Given records:

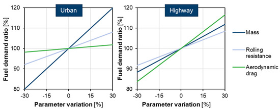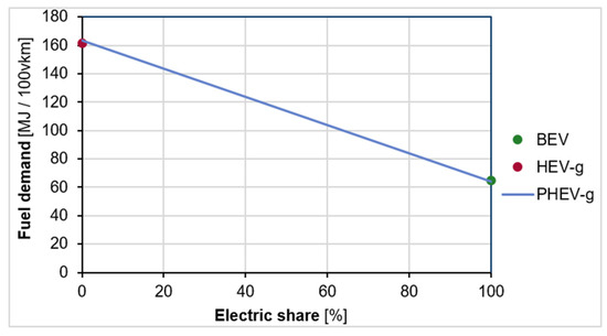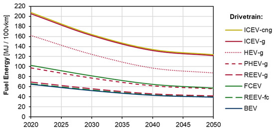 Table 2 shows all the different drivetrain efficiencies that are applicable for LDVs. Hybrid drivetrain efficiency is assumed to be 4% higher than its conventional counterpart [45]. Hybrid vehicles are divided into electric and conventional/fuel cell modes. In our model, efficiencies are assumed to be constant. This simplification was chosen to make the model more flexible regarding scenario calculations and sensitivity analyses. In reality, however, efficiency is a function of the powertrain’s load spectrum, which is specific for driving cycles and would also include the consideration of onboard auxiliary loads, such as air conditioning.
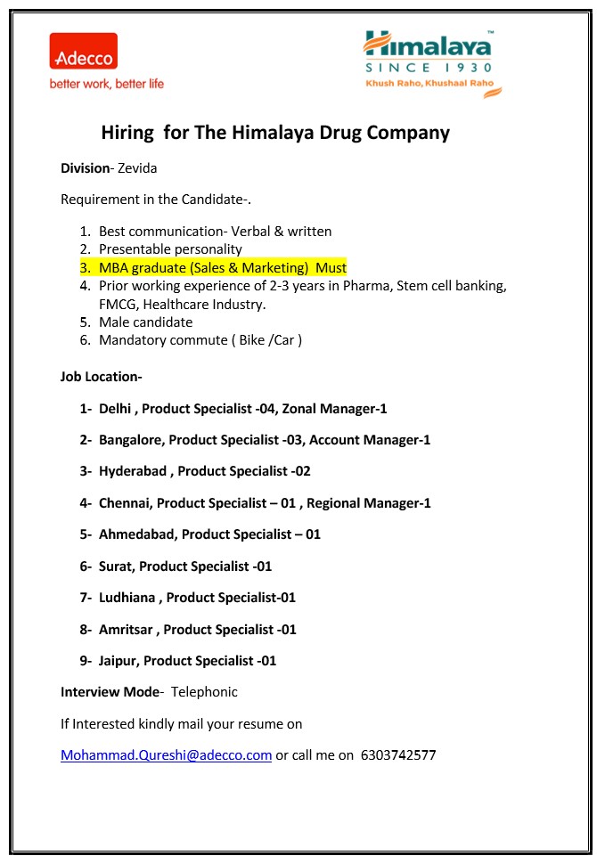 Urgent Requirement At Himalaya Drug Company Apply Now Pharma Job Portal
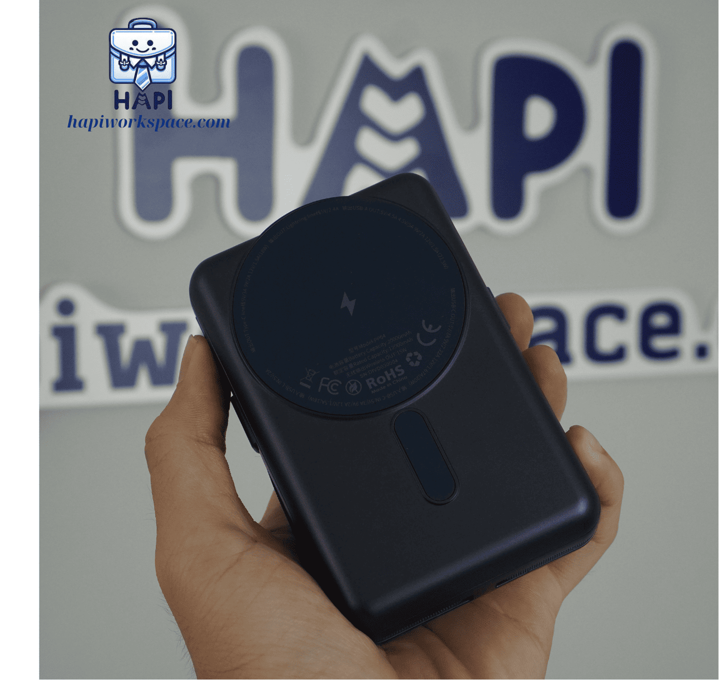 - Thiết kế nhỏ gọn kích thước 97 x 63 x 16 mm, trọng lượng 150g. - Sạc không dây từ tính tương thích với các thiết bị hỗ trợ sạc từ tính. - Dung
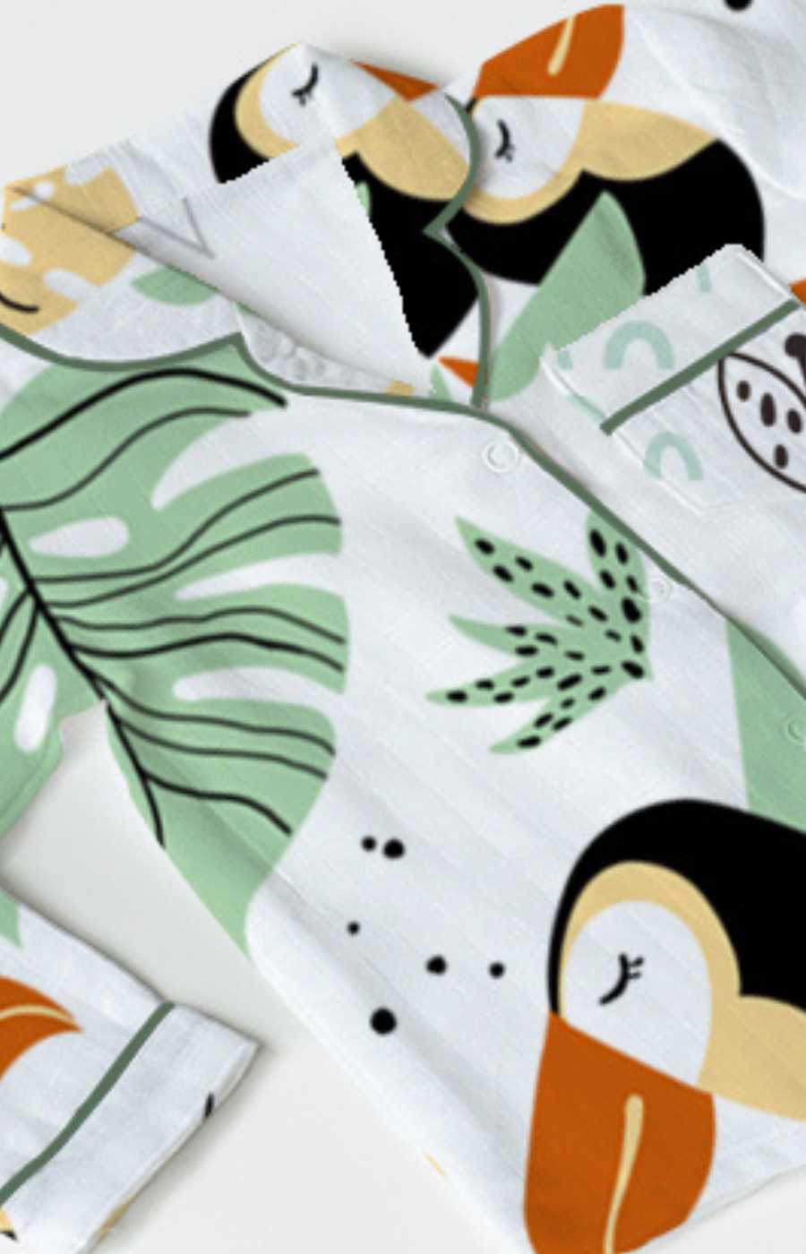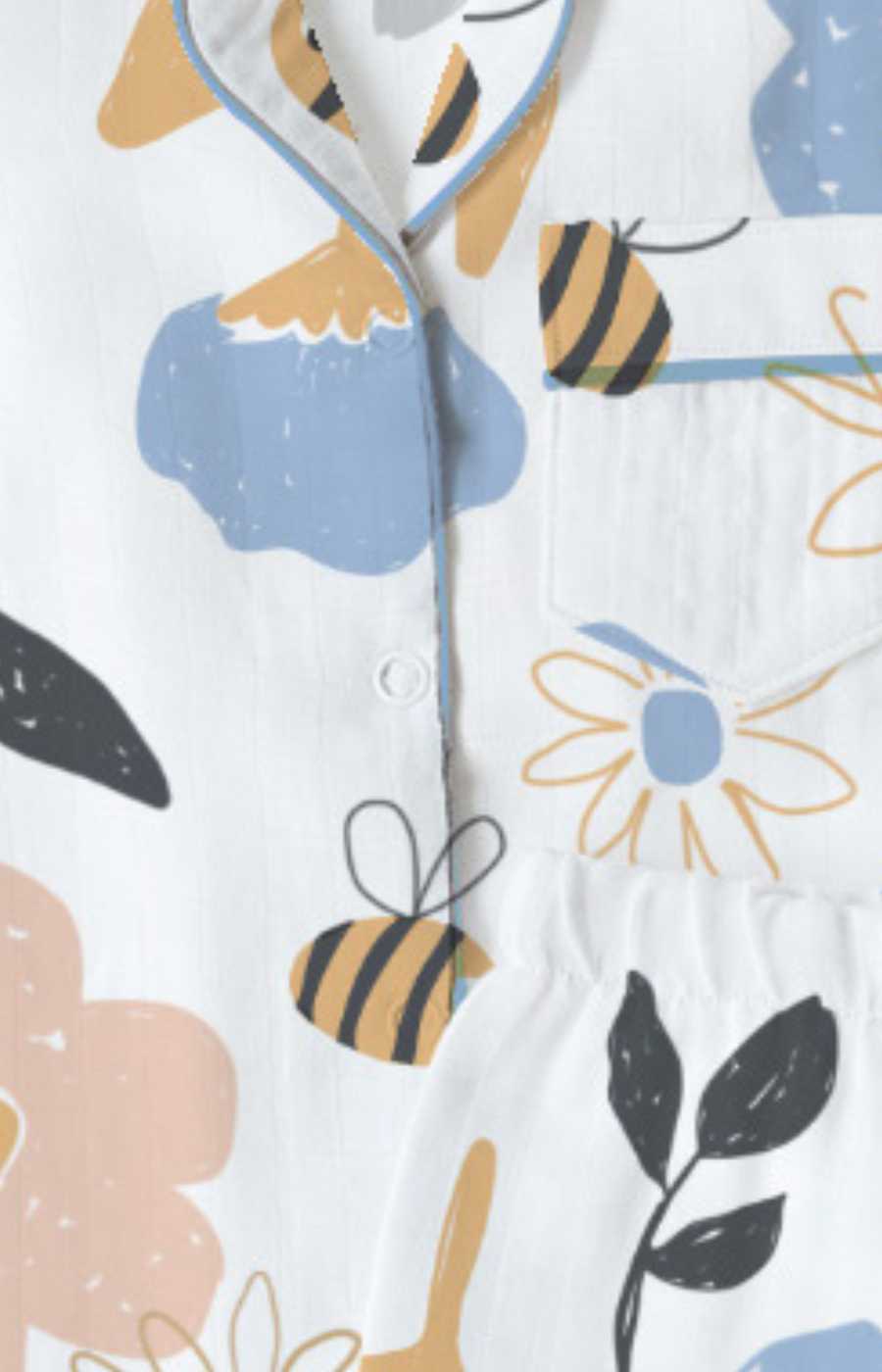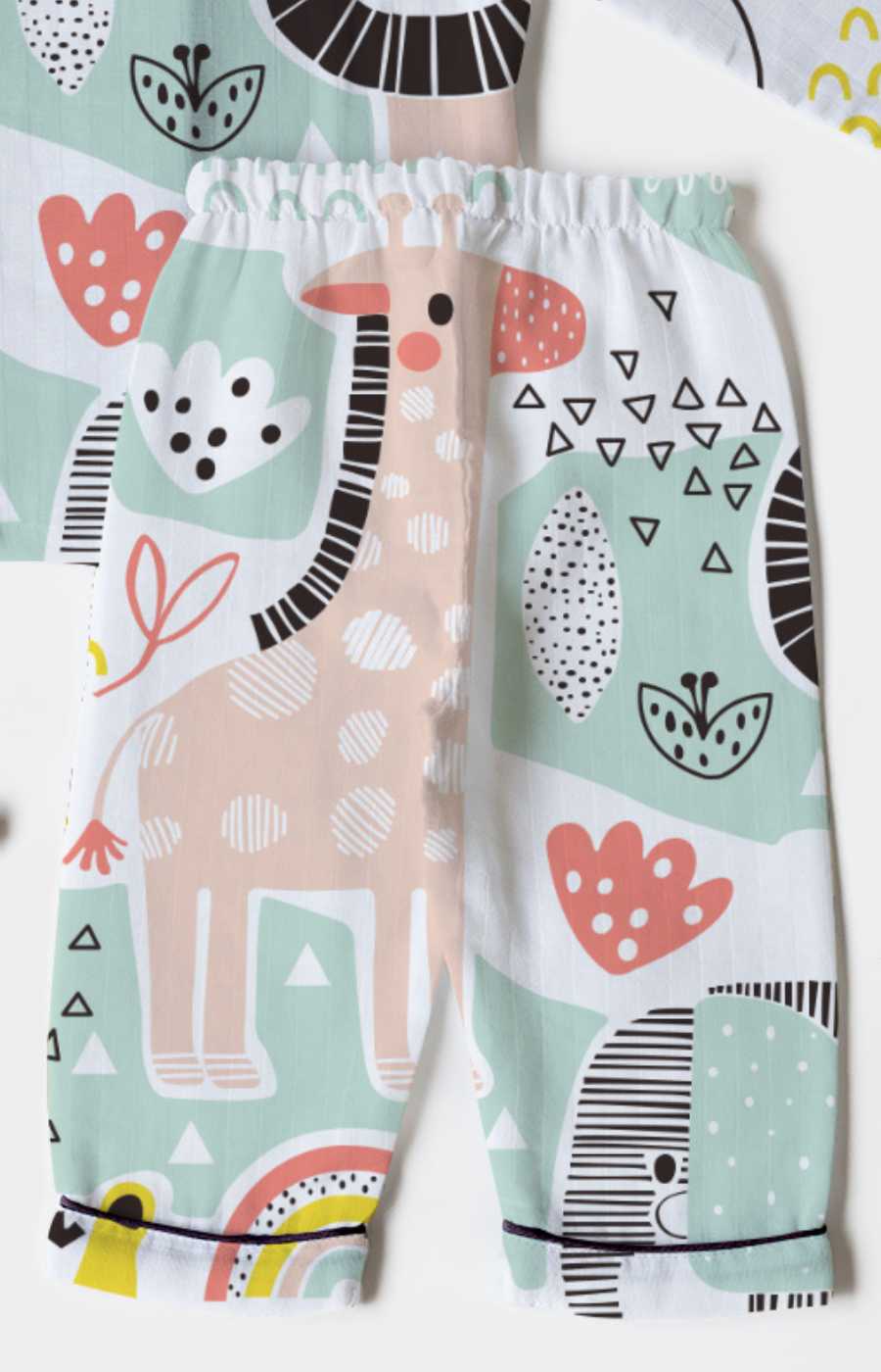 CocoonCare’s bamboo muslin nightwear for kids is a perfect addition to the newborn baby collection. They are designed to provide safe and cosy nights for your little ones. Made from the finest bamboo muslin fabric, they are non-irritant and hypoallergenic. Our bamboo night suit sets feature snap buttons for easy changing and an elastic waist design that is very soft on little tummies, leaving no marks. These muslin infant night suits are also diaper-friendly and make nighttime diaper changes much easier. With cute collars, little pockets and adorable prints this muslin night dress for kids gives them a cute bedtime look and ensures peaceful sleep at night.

* * *

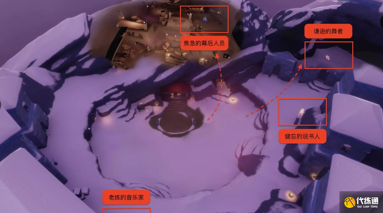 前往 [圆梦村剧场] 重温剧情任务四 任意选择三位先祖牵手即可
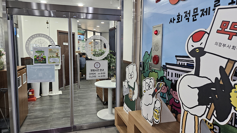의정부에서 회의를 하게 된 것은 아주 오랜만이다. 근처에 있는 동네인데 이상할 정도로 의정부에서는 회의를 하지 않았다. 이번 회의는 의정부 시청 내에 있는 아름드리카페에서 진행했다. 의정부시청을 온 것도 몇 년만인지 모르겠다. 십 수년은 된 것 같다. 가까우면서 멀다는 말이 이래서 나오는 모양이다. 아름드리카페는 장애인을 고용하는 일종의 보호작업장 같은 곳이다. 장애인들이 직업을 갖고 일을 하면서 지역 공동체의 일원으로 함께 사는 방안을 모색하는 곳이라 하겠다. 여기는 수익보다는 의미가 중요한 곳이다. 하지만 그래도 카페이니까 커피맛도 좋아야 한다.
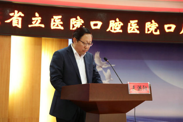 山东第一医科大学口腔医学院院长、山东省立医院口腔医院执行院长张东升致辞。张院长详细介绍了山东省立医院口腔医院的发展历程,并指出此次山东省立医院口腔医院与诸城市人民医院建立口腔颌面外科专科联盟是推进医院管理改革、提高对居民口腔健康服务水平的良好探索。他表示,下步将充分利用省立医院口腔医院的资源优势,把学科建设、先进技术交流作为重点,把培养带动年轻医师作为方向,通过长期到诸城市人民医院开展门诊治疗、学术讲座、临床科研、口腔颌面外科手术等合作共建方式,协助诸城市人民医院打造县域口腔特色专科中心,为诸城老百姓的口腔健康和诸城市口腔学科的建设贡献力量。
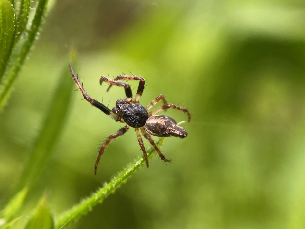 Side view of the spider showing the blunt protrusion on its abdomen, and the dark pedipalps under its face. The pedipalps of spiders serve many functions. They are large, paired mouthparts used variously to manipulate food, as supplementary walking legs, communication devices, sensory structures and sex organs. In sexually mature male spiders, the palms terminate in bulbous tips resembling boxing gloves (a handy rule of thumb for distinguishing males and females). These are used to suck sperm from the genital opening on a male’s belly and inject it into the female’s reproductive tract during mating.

Try it: From the material above, give again exactly the lines from the one that contains "Table 2 shows" through the one that contains "CocoonCare’s bamboo muslin", and leave out the pictures.

Exercise result:
 Table 2 shows all the different drivetrain efficiencies that are applicable for LDVs. Hybrid drivetrain efficiency is assumed to be 4% higher than its conventional counterpart [45]. Hybrid vehicles are divided into electric and conventional/fuel cell modes. In our model, efficiencies are assumed to be constant. This simplification was chosen to make the model more flexible regarding scenario calculations and sensitivity analyses. In reality, however, efficiency is a function of the powertrain’s load spectrum, which is specific for driving cycles and would also include the consideration of onboard auxiliary loads, such as air conditioning.
 Urgent Requirement At Himalaya Drug Company Apply Now Pharma Job Portal
 - Thiết kế nhỏ gọn kích thước 97 x 63 x 16 mm, trọng lượng 150g. - Sạc không dây từ tính tương thích với các thiết bị hỗ trợ sạc từ tính. - Dung
 CocoonCare’s bamboo muslin nightwear for kids is a perfect addition to the newborn baby collection. They are designed to provide safe and cosy nights for your little ones. Made from the finest bamboo muslin fabric, they are non-irritant and hypoallergenic. Our bamboo night suit sets feature snap buttons for easy changing and an elastic waist design that is very soft on little tummies, leaving no marks. These muslin infant night suits are also diaper-friendly and make nighttime diaper changes much easier. With cute collars, little pockets and adorable prints this muslin night dress for kids gives them a cute bedtime look and ensures peaceful sleep at night.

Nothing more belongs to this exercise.